E infine, per concludere, niente: la serie ha intrattenuto, ha divertito, forse ha un po' sviato le problematiche sociali sul psicologico, una tendenza molto comune nei tempi moderni (i.e. sei TU la società, quindi se la società fallisce è perché sei TU a fallire e se la società si migliora è perché sei TU a migliorare ecc., come se l'individuo singolo e solitario nel mondo reale potesse realmente influenzare le decisioni di Stati, governi, multinazionali, potentati economici ecc.).
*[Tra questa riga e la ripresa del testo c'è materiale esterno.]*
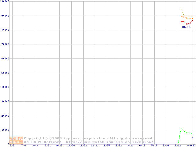 Socket 604 (micro-PGA,FSB 533MHz,L2 512KB,Prestonia)の最安値推移
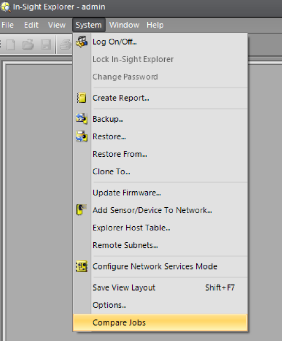 Click System > Compare Jobs in the top left menu bar of the In-Sight Explorer application.
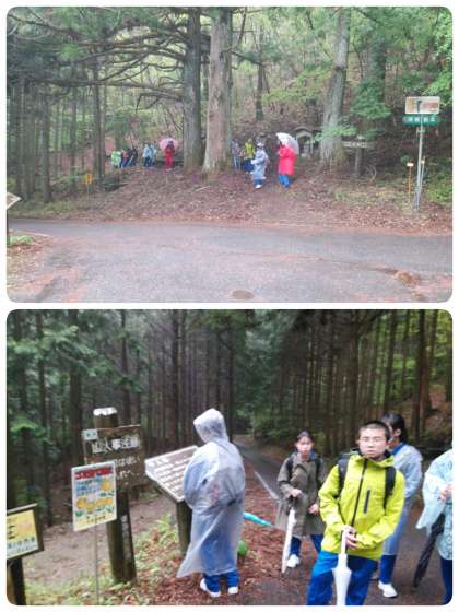 山の頂上にある猿ヶ城跡を見学し、山を降りた弘法杉まで来ました。あと、1時間ほどで、旭高原に到着です。ちょっと疲れてきました。
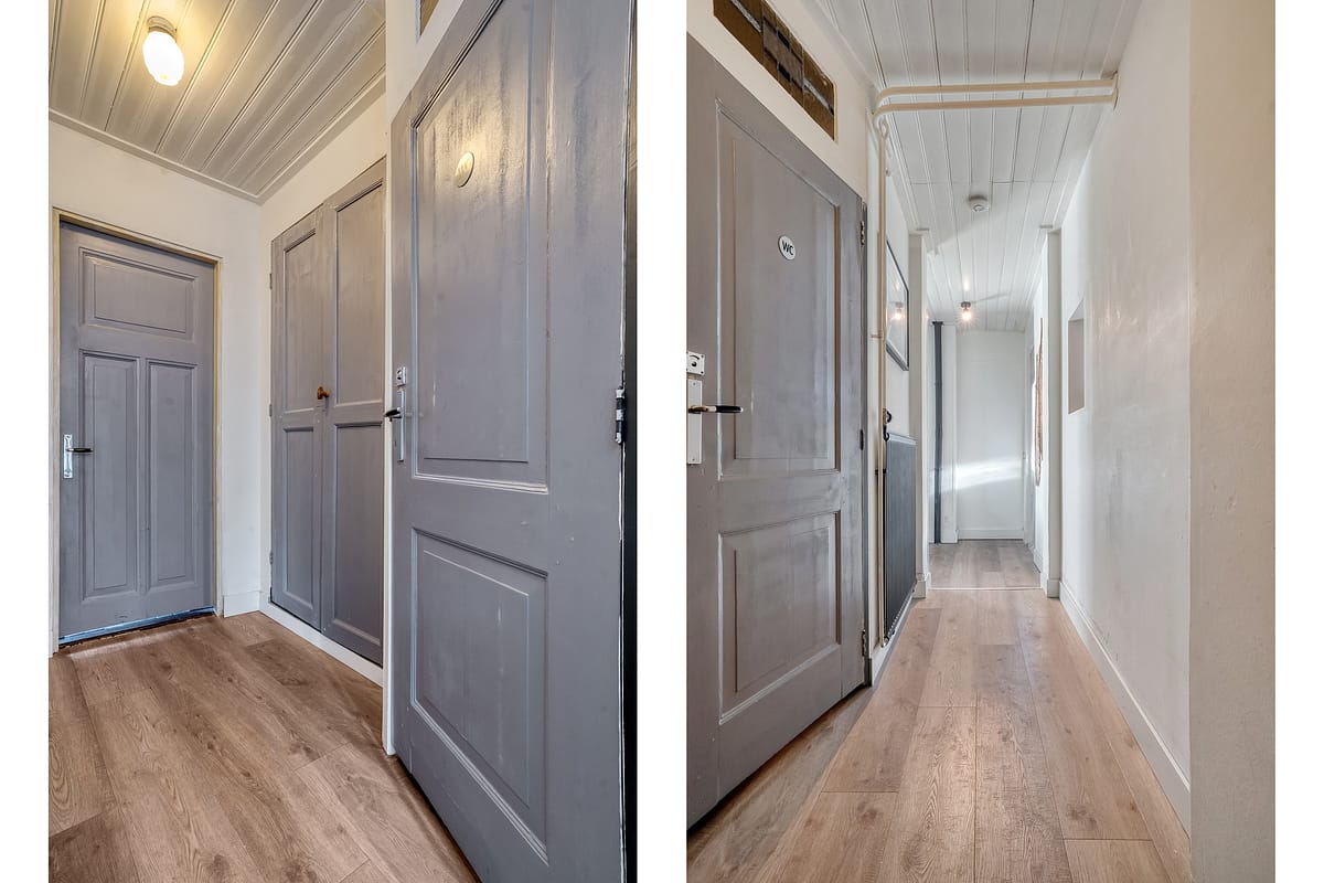 Entree, hal, trapopgang, kelder, meterkast, woonkamer voorzien van fraaie oude houten vloer, open keuken, mooie oude vaste kast, openslaande deuren naar mooie ruime veranda, doorloop naar grote woonkamer in het nieuwe gedeelte, vaste kast en toilet.
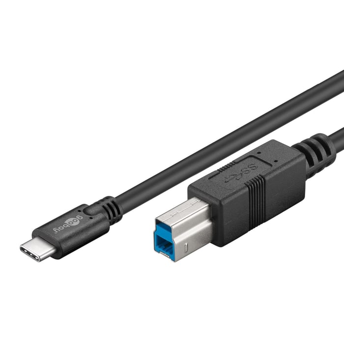 Kabel med USB-C til USB-B 3.0-kontakt. Støtte for overføringshastigheter på opptil 5 Gb/s (USB 3.2 Gen 1). Støtte for lading og strømtilførsel på opptil 15 W. Kabellengde: 1 m.

Tutto si riconduce all'ingigantimento puerile del trauma, al solipsismo personale; in fondo anche lo spettatore è un po' Elliot, e tra l'altro la serie è in vendita su Amazon Prime e il rapporto morboso tra Dominique e Alexa non penso sia stato messo lì a caso a confermare per l'ennesima volta che in America le persone sono sole. E questo è tutto direi, ora vado a cagare, poi doxo una banca di Cipro e faccio un punto slash robinhood.sh per girare tutti i soldi dai conti correnti dei multimiliardari a quelli dei sempre più numerosi poveracci a rischio di sfratto. E datemi pure un dreamworld alternativo in stile episodio ventisei di Eva in cui tutto nel mio passato fila liscio, dato che ci siamo. E che cazzo Sam, pure io so' Elliot, no? (Cope).